Politics, though, is not the only casualty. Harvard researchers found that YouTube’s recommendations frequently “directed users who searched for information on Zika, or even those who watched a reputable video on health issues, toward conspiracy channels.” In turn, YouTube’s anti-vax videos have led to a Brazilian public health crisis, with frightened patients refusing vaccines and anti-Zika insecticides.
Dr. Auriene Oliviera, an infectious disease specialist, says medical providers are competing every day against “Dr. Google and Dr. YouTube” — and are losing. Brazil’s teachers are also victims. They describe unruly classrooms in which students quote from YouTube conspiracy videos or, encouraged by right-wing YouTube stars, secretly record their instructors.
Unfortunately, Brazil is hardly alone. YouTube is available in 80 different languages and more than 90 countries. It is the world’s second largest search engine and second most visited website after Google. Behind Facebook, it is also the second most popular social media platform with close to 2 billion users.

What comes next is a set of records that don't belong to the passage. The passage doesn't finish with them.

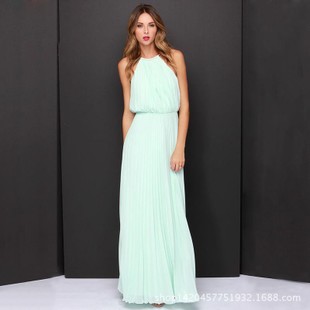 2015新款歐美名媛淑女風(fēng)掛脖背心連衣裙 雪紡?fù)系亻L(zhǎng)裙(優(yōu)質(zhì)) /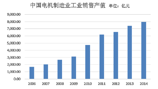 隨著我國國民經(jīng)濟的快速發(fā)展,我國電機制造業(yè)的銷售產(chǎn)值持續(xù)快速增長。根據(jù)中經(jīng)網(wǎng)統(tǒng)計,2007 年我國電機制造業(yè)的產(chǎn)品銷售收入約為1,968.45 億元,2014 年產(chǎn)品銷售收入達到7,948.08 億元,年復(fù)合增長率約為21.43%。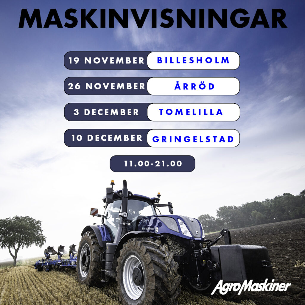 Välkommen på maskinvisning hos Agro Maskiner i Svedala! Vi öppnar upp dörrarna 26 januari, kl. 9.00-18.00 & 27 januari kl. 10.00-16.00.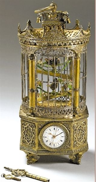 ▲清,雀笼式钟,笼顶有数个菠萝形装饰。(图片来自《北京青年报》)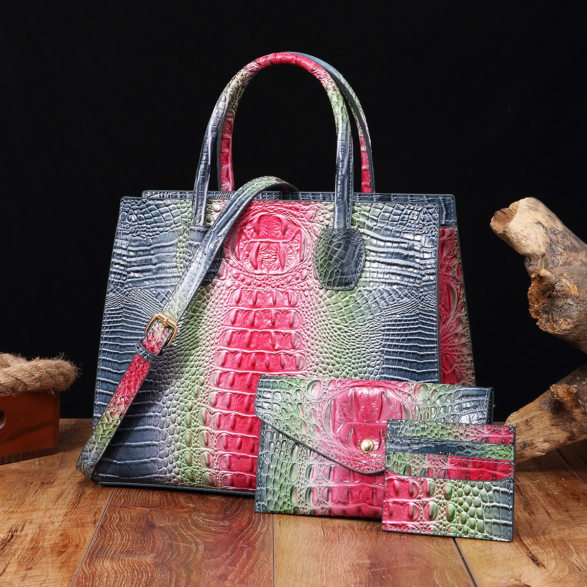 Bag size: 33*14*26.5CM, Handbag height: 11CM, Wallet: 20.5*1.5*11.5CM, Card case: Gross weight: 1000 grams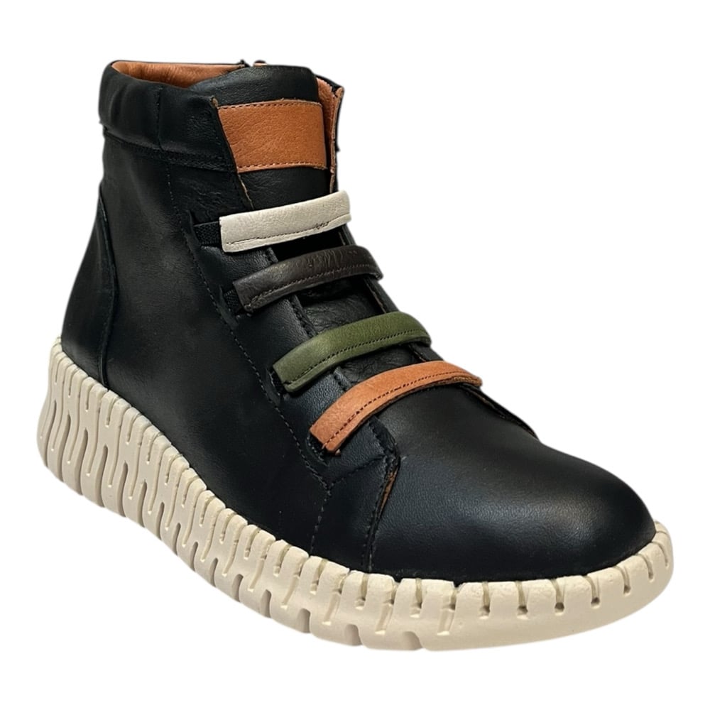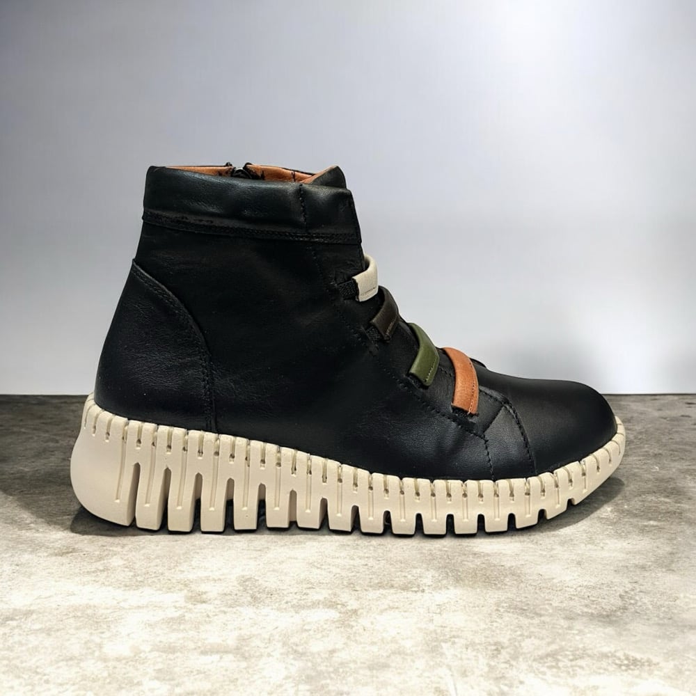 Leather upper. Leather lined. Inside zipper entry. PU outsole. Removable insole.

In the attention economy, YouTube is an 800 pound gorilla. It may not intend to reinvigorate the spread of infectious diseases. It may not intend to install nightmare candidates as president. It may not intend to turn societies upside down. But that’s why gorillas are so dangerous — great power and no regard for humans.
Many thought we’d have to get to AGI (artificial general intelligence) before AI started to wreak havoc on humans. Nope, that day came sooner than anyone imagined.
NOTE: the name of Tim Weinhold’s youngest daughter was changed to protect her confidentiality.